Problem description => Beginning with the opening line of the entries, return every line through the one containing "Emma is waiting", both included, and nothing else. Omit pictures.

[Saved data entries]
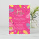 Estas invitaciones incluyen flamencos rosados y hojas tropicales sobre fondo rosado. Esta invitación se personaliza fácilmente para su evento simplemente añadiendo sus detalles.
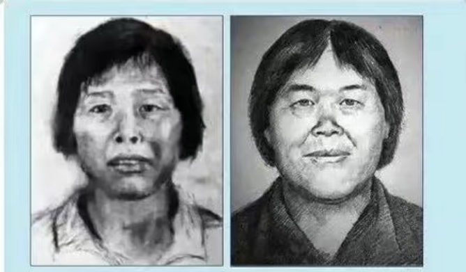 △圖左(2017年,廣東警方發(fā)布的第一張“梅姨”畫像),圖右(2019年,林宇輝畫的“梅姨”新版畫像)。
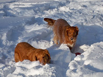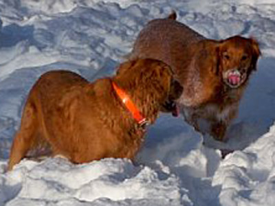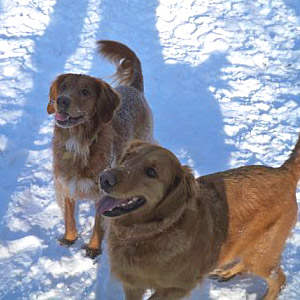 Emma is waiting to fetch her ball!!! Emma is furthest from the camera.
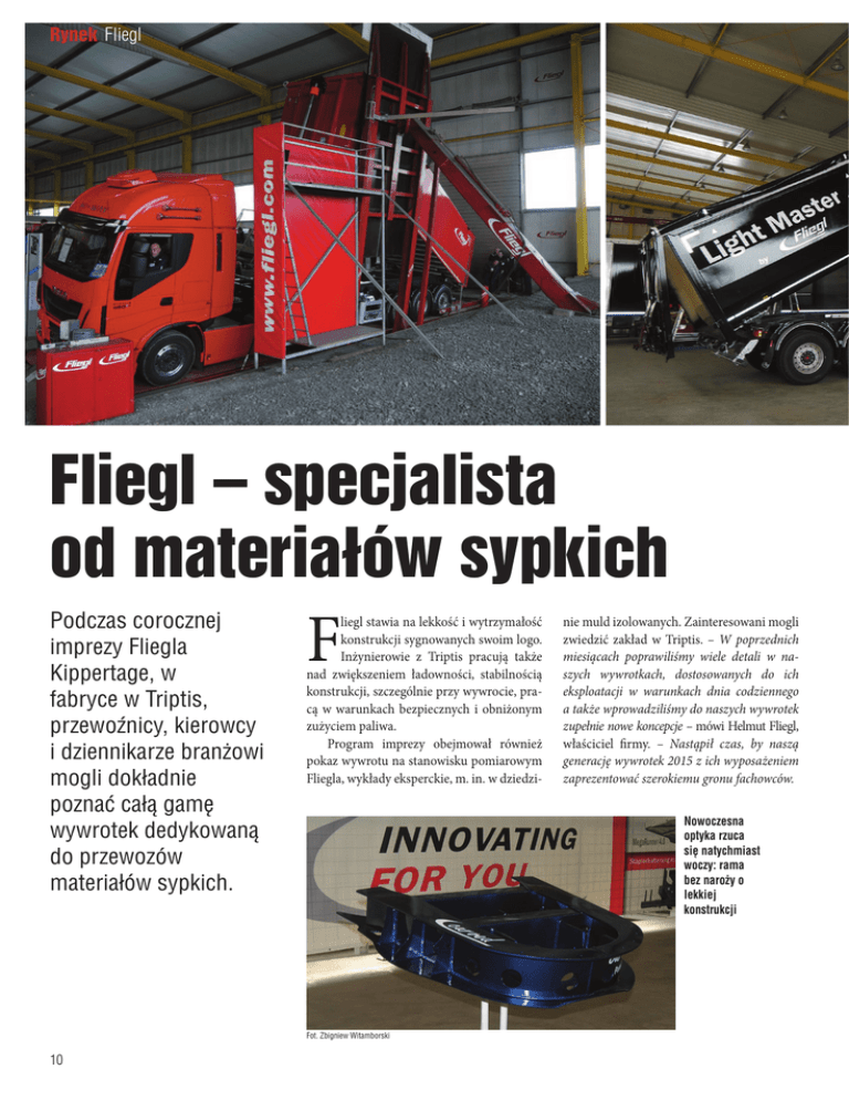 Rynek Fliegl Fliegl – specjalista od materiałów sypkich Podczas corocznej imprezy Fliegla Kippertage, w fabryce w Triptis, przewoźnicy, kierowcy i dziennikarze branżowi mogli dokładnie poznać całą gamę wywrotek dedykowaną do przewozów materiałów sypkich. F liegl stawia na lekkość i wytrzymałość konstrukcji sygnowanych swoim logo. Inżynierowie z Triptis pracują także nad zwiększeniem ładowności, stabilnością konstrukcji, szczególnie przy wywrocie, pracą w warunkach bezpiecznych i obniżonym zużyciem paliwa. Program imprezy obejmował również pokaz wywrotu na stanowisku pomiarowym Fliegla, wykłady eksperckie, m. in. w dziedzi- Nowoczesna optyka rzuca się natychmiast woczy: rama bez naroży o lekkiej konstrukcji Fot. Zbigniew Witamborski 10 nie muld izolowanych. Zainteresowani mogli zwiedzić zakład w Triptis. – W poprzednich miesiącach poprawiliśmy wiele detali w naszych wywrotkach, dostosowanych do ich eksploatacji w warunkach dnia codziennego a także wprowadziliśmy do naszych wywrotek zupełnie nowe koncepcje – mówi Helmut Fliegl, właściciel firmy. – Nastąpił czas, by naszą generację wywrotek 2015 z ich wyposażeniem zaprezentować szerokiemu gronu fachowców. Dzięki lekkiej konstrukcji masa własna Light Master Agrar wynosi 6750 kg. Mulda osadzona jest w stabilnej ramie stalowej o zredukowanej masie. Dodatkowe oszczędności zapewnia zastosowanie w konstrukcji naczepy innych lekkich komponentów, przykładowo osi. Lekka mulda stalowa jest pod względem niskich kosztów alternatywą dla powszechnie używanych muld aluminiowych. Naczepa oferuje, oprócz wysokiej ładowności, także możliwość transportu wymagających ładunków, posiada dopuszczenie typu EG, pozwalające na jej użytkowanie we wszystkich krajach EU. Przemyślane na okrągło Fliegl rozszerzył, i tak już obszerną, paletę swoich wywrotek o nowy pojazd: lekką naczepę Light Master Agrar INNE NOWOŚCI * Mechanizm wywrotu przesunięto do przodu, pomiędzy osie, dla ochrony przed zanieczyszczeniami na placach budowy i w terenie. * Przesunięcie podestu w kierunku cylindra hydraulicznego, w celu redukcji wysokości pojazdu przy wywrocie muldy i zapewnienia przestrzeni oddzielającej podest i przewody, a tym samym zmniejszenie ryzyka uszkodzenia tych ostatnich. Nowoczesna optyka rzuca się natychmiast w oczy: rama bez naroży o lekkiej konstrukcji. W ten sposób Fliegl redukuje masę pojazdu i zwiększa ładowność. Jednocześnie osiągnięto lepszą stabilność, pozwalającą na optymalne rozłożenie działających pionowo sił podczas wywrotu. W dolnej części zaokrąglonej ramy znajduje się lekko do góry zagięty stalowy profil, Helmut Fliegl, właściciel firmy: Nastąpił czas, by naszą generację wywrotek 2015 z ich wyposażeniem zaprezentować szerokiemu gronu fachowców ułatwiający sprzęganie naczepy, ograniczając jej uszkodzenia. Owalny kształt ułatwia manewrowanie, ponieważ bez naroży oferowane jest więcej miejsca w obrębie sprzęgu naczepy. Zbigniew Witamborski Nowość: Fliegl Light Master Agrar Fliegl rozszerzył, i tak już obszerną, paletę swoich wywrotek o nowy pojazd: lekką naczepę Light Master Agrar. Ten model jest dedykowany dla branży rolniczej wschodnioeuropejskich rynków. Na takie pojazdy stale wzrasta popyt na rynku polskim, węgierskim oraz w krajach nadbałtyckich. Dla transportu różnorodnych rolniczych towarów sypkich Light Master Agrar posiada muldę stalową ze skośną ścianą czołową, wykonaną z trudno ścieralnej stali. Ściany naczepy i podłoga wykonane są z 4 mm materiału. Podwójne aluminiowe drzwi tylne zaopatrzono w wbudowane zbożowe otwory zsypowe. 11
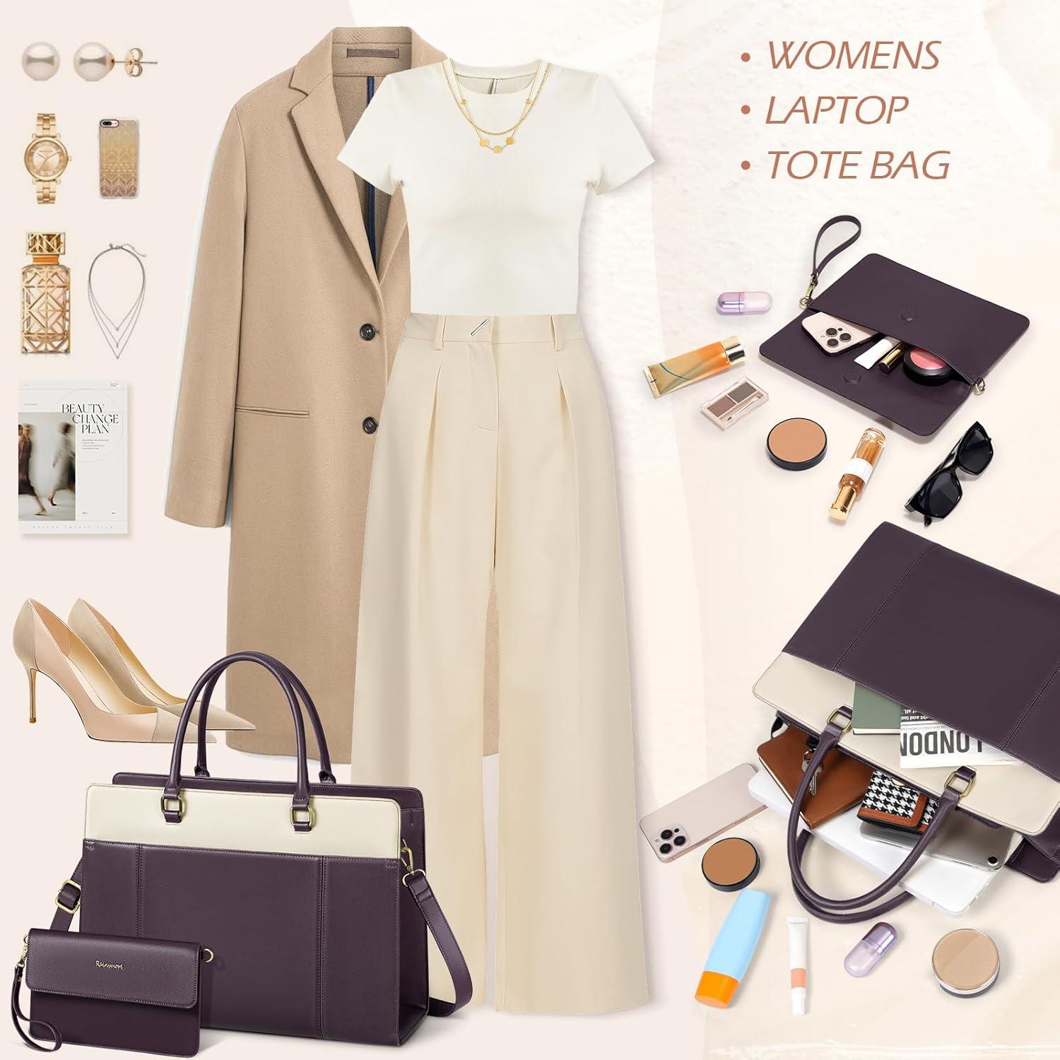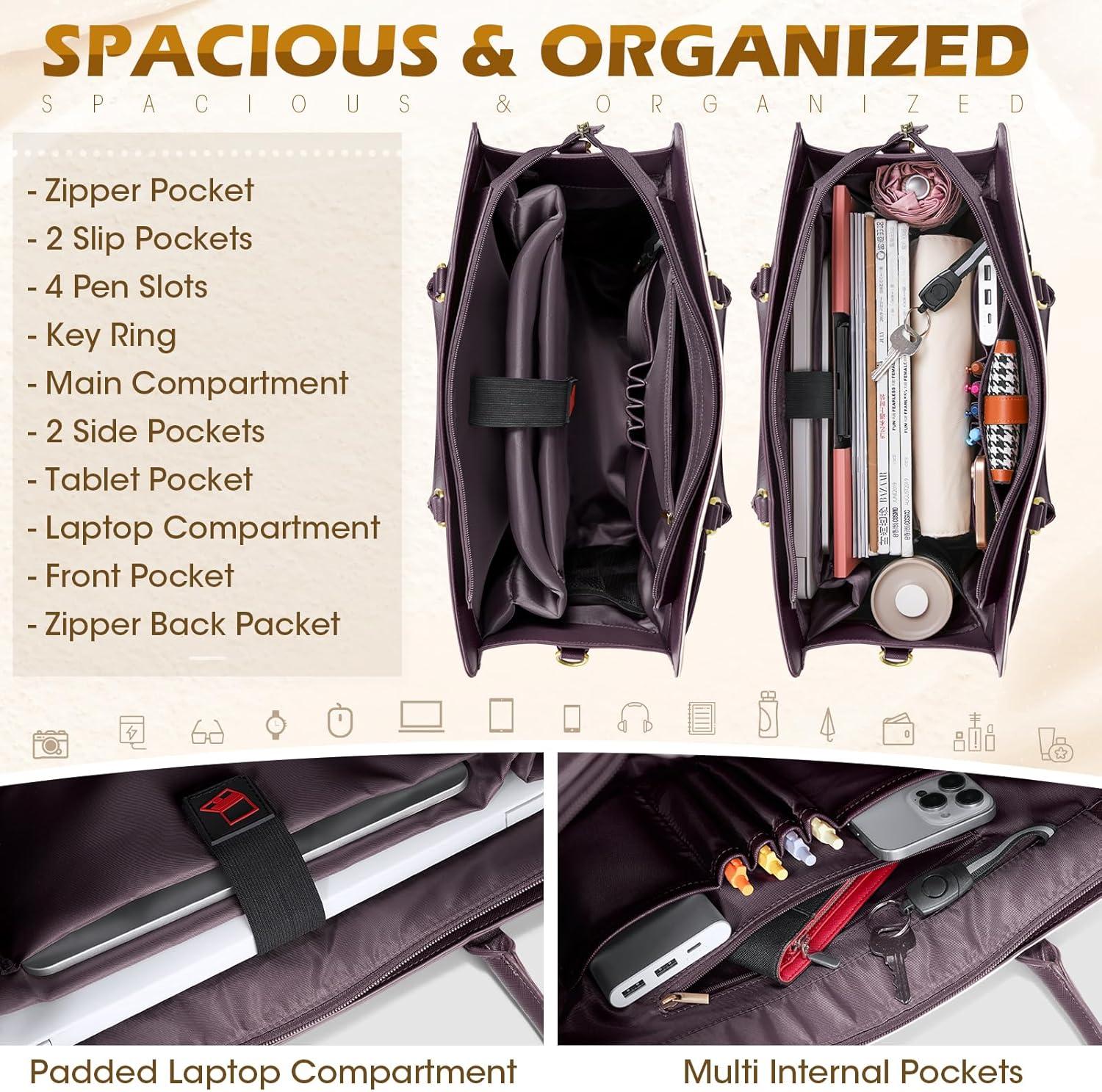 Built for everyday use: Scratch-resistant PU leather wipes spills clean and resists rain. Four metal feet protect the bottom and a hidden anti-theft zip secures cards and cash. Inside, thick foam padding protects laptops from knocks and bumps, while reinforced stitching withstands heavy use.From busy office hours to the unexpectedly rainy commute, this women's work bag stays in perfect condition.
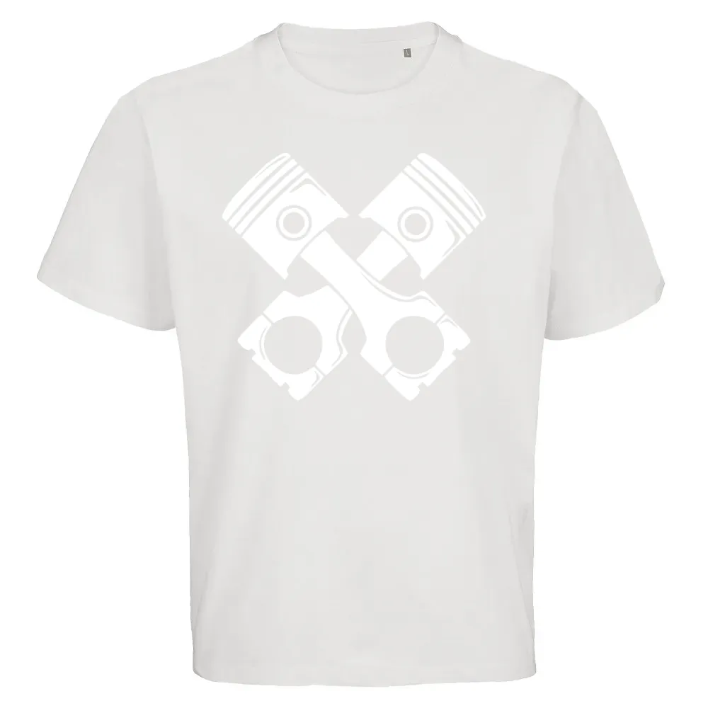 Bestelle hier dein kreuzende Motorkolben T-Shirt aus 50 % Baumwolle, 50 % recycelte Baumwolle und gestallte es individuell nach deinen Vorstellungen. Kombiniere dein kreuzende Motorkolben T-Shirt mit dem dazu passenden Hoodie sowie Capi für ein rundum stimmiges Outfit.
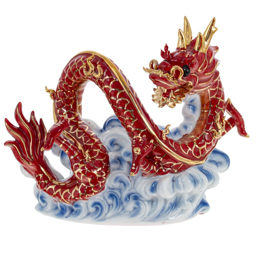 Декоративная фарфоровая статуэтка Китайский дракон на облаке Красный
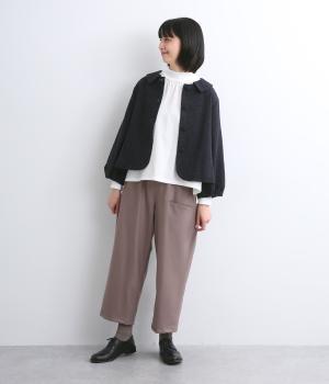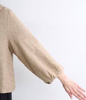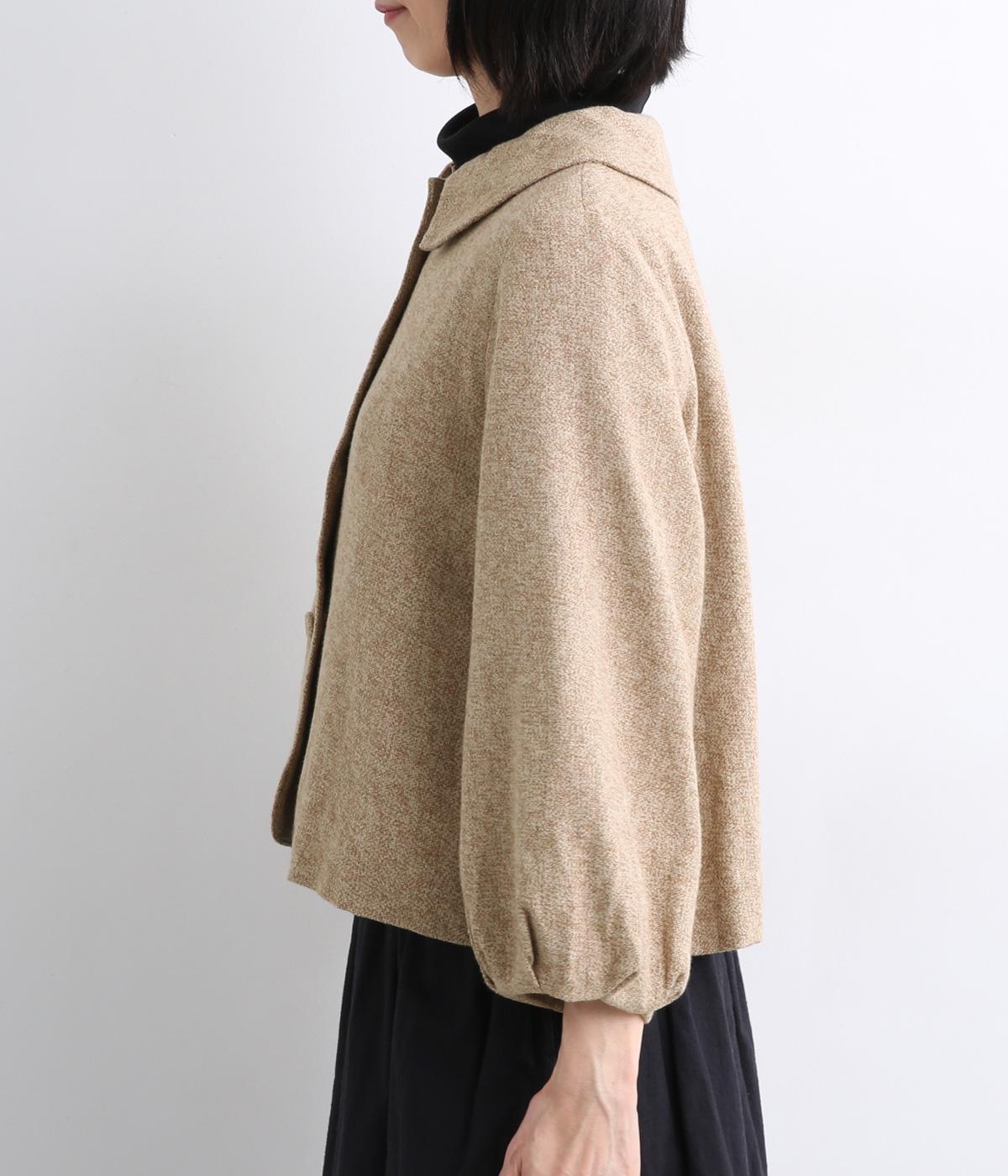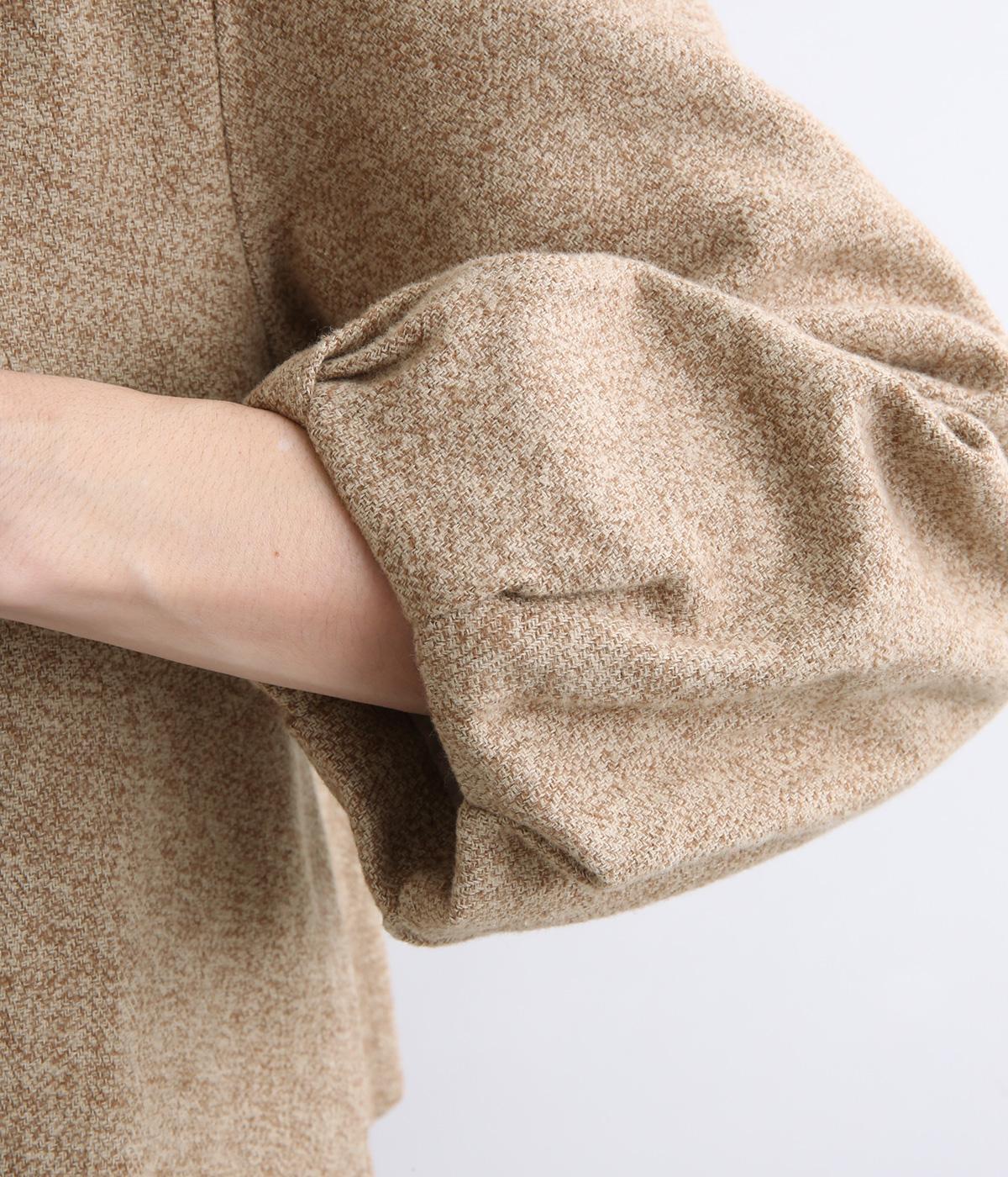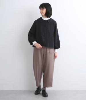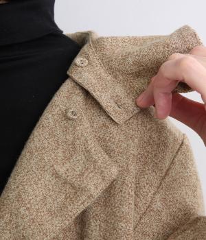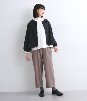 やわらかいコットン素材で起毛感のあるあたたかい雰囲気のツイード生地です。リラックス感がありながら、おでかけにもぴったりな素材感に仕立てました。
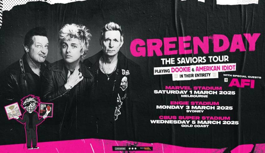 Global rock superstars Green Day – Billie Joe Armstrong, Mike Dirnt and Tré Cool – have officially shared details of the Australian leg on their massive 2024/25 global stadium tour – The Saviors Tour, presented by Live Nation and Triple M.
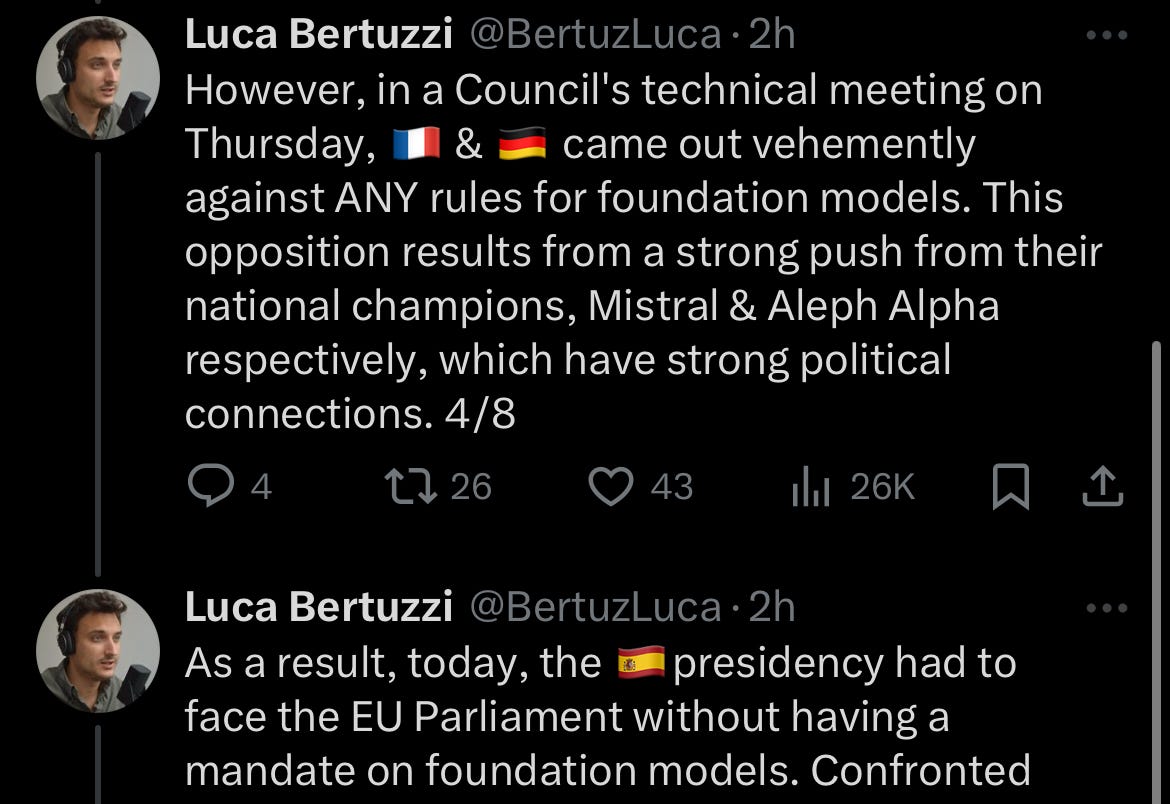 Possible future: Literally every bad thing that comes out of generative AI-and there will may well be a lot—people will wonder: “maybe this wouldn’t have happened had Macron and Scholz not blocked the planet’s best effort at keeping the tech companies in check.”

Exercise result =>
 Estas invitaciones incluyen flamencos rosados y hojas tropicales sobre fondo rosado. Esta invitación se personaliza fácilmente para su evento simplemente añadiendo sus detalles.
 △圖左(2017年,廣東警方發(fā)布的第一張“梅姨”畫像),圖右(2019年,林宇輝畫的“梅姨”新版畫像)。
 Emma is waiting to fetch her ball!!! Emma is furthest from the camera.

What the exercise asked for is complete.